In short, it is not the exception handling framework, nor the the actual throwing and catching of exceptions that may harm performance, but rather the effect that potentially throwing an exception has on the ability of the compiler's optimizer to effective apply optimizations. There are certain optimizations which, in the presence of a throw expression, the compiler may not be able to apply.

Now, let's get into the proof of the matter.

The Proof

First, let's consider some completely unrealistic, amazingly oversimplified scenarios which, as good, professional software engineers (or developers, if you prefer that term) we are unlikely to ever encounter in the real world. Why? To clarify the point, before we move on to some more real world cases.

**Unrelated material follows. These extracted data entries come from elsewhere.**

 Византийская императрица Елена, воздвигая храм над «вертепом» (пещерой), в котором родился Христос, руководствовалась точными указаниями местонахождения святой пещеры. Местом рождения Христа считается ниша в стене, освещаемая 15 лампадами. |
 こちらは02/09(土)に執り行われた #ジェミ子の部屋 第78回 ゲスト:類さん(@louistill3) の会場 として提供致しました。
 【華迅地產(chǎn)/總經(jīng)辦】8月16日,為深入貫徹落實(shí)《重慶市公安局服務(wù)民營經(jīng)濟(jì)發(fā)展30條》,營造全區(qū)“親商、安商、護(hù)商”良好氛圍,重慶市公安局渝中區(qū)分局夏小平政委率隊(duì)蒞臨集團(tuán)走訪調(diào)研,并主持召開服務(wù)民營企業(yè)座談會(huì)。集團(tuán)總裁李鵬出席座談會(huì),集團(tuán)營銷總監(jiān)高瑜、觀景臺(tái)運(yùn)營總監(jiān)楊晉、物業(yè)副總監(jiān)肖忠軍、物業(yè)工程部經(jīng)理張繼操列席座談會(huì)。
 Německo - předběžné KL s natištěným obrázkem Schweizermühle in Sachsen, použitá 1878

In the below code example, we have a very simple main() function, which contains a loop that executes 10,000,000,000 (that's ten billion, for those that are intimidated by too many zeros) times. Each time through the loop, we call a very simple function which takes 3 parameters and does nothing of significance. The wcout calls are just to print the results to the terminal window (I'm a big fan of developing internationalized software so I tend to use wide characters whenever possible).

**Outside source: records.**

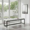This exceptional industrial loft bench combines minimalist design with superior functionality. Moreover, it features a single-piece black metal frame construction that eliminates visible joints. Additionally, the bench showcases elegant black tufted eco-leather upholstery. Furthermore, this 140x40cm bench offers remarkable durability with a 350kg load capacity.
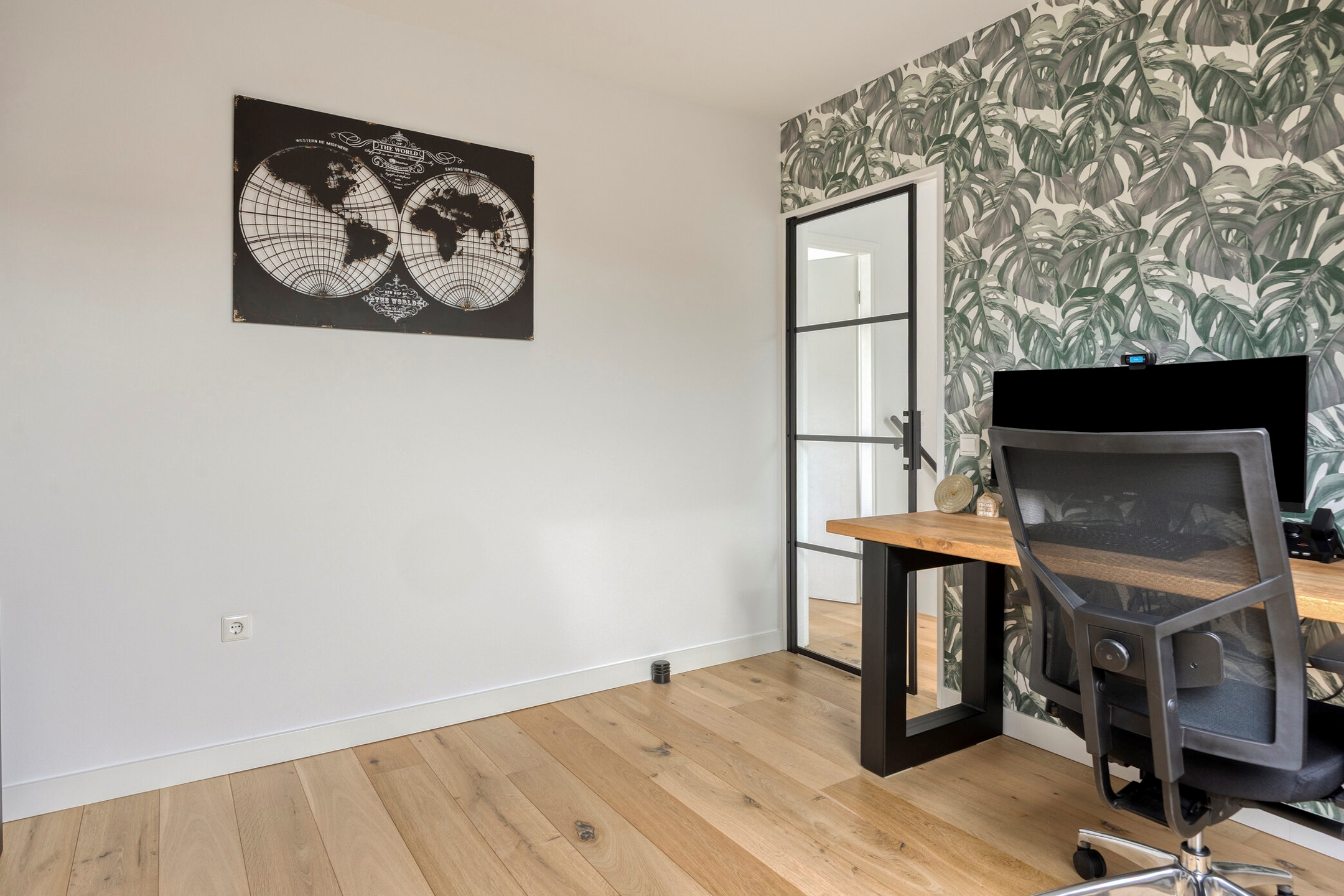 De eerste verdieping is voorzien van een strakke eikenhouten parketvloer.
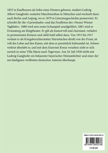 Ludwig Ganghofer: Fliegender Sommer. Erzählungen Lesefreundlicher Großdruck in 16-pt-Schrift Großformat, 210 x 297 mm Berliner Ausgabe, 2021 Durchgesehener Neusatz mit einer Biografie des Autors bearbeitet und eingerichtet von Theodor Borken Erstdruck der Sammlung von Erzählungen unter dem Titel »Fliegender Sommer«: 1892. Erstdruck der Sammlung in vorliegender Form: Berlin, Grote, 1917. Inhaltsverzeichnis: »Goldi-Goldi«. Der Sonnenstrahl. Der blinde Passagier. Die Blüten des Lebens. Der Wildbach. Der Letzte. Sag' mir. Der Herrgottspfänder. Die Liebe Gottes. Frierende Blumen. Die Zitherspieler. An Bord der »Möwe«. Die verliebten Brüder. Neues Leben. Das Truden-Auge. Eine Frühlingsnacht. Wasser. Das Hagelwetter. Eine alte Geschichte. Der neue Leonhardt. Kongress im Himmel. Der Zahltag des Rieschentoni. Der Text dieser Ausgabe wurde behutsam an die neue deutsche Rechtschreibung angepasst. Umschlaggestaltung von Thomas Schultz-Overhage unter Verwendung des Bildes: Theodore Rousseau, Landschaftsstudie, 1830. Gesetzt aus der Minion Pro, 16 pt. Henricus - Edition Deutsche Klassik GmbH Über den Autor: 1855 in Kaufbeuren als Sohn eines Försters geboren, studiert Ludwig Albert Ganghofer zunächst Maschinenbau in München und wechselt dann nach Berlin und Leipzig, wo er 1879 in Literaturgeschichte promoviert. Er schreibt für die »Gartenlaube« und das Feuilleton des »Neuen Wiener Tagblatts«, 1880 wird sein erstes Schauspiel uraufgeführt, 1881 wird er Dramaturg am Ringtheater. Er gilt als humorvoll und charmant, verkehrt in prominenten Kreisen und zählt bald selbst dazu. Von 1915 bis 1917 verfasst er als Kriegsberichterstatter Patriotisches direkt von der Front, ist voll des Lobes auf den Kaiser, mit dem er persönlich befreundet ist. Schwer verletzt überlebt er, und mit dem Eisernen Kreuz versehen zieht er sich zurück in seine Villa Maria nach Tegernsee. Am 24. Juli 1920 stirbt mit Ludwig Ganghofer ein bekannter bayerischer Heimatdichter und einer der am häufigsten verfilmten deutschen Autoren überhaupt.

unsigned long SimpleFunc ( int nArg1, int nArg2, long nArg3 );

int main ( int argc, char** argv )
{
	//	This prevents the optimizer from being able to unroll the loop.
	unsigned long nIters = 10000000000;
	if ( argc == 2 )
		nIters = strtol ( argv[1], NULL, 10 );

	unsigned long g_nSum = 0;
	//	Generate psuedo random values to use as input to the function, so the compiler
	//		doesn't optimize them away.
	int nFoo1 = rand ( ) % 5;
	int nFoo2 = rand ( ) % 7;
	long nFoo3 = rand ( ) % 13;

	time_t tmStart = time ( NULL );
	clock_t nStart = clock ( );
	//	Execute the loop 10 billion times
	for ( unsigned long i = 0; i < nIters; ++i ) {
		unsigned long nFuncResult  = SimpleFunc ( nFoo1, nFoo2, nFoo3 );
		if ( nFuncResult == 0 ) {
			wcout << L"   *** SimpleFunc() failed!!!" << endl;
			continue;
		}
		g_nSum += nFuncResult;
	}
	clock_t nEnd = clock ( );
	time_t tmEnd = time ( NULL );

	wcout << L"    g_nSum = " << g_nSum << endl <<
			 L"    Total processor time:   " << nEnd - nStart << L" ticks." << endl <<
			 L"    Total wall clock time:  " << tmEnd - tmStart << L" seconds." << endl;

	return 0;
}

unsigned long SimpleFunc ( int nArg1, int nArg2, long nArg3 )
{
	int nReturn = 0;
	if ( nArg1 == nArg2 && nArg2 == nArg3 ) {
		return nReturn;
	}
	nReturn += nArg1 + nArg2 + nArg3;

	return nReturn;
}

Very simple. Very straightforward. If by chance, the three parameters to SimpleFunc() are the same value then it's treated as an error and SimpleFunc() returns 0. In other words, we're using the return value of 0 to indicate an error. You can download a copy of the complete source file here. We'll call this "test case 1".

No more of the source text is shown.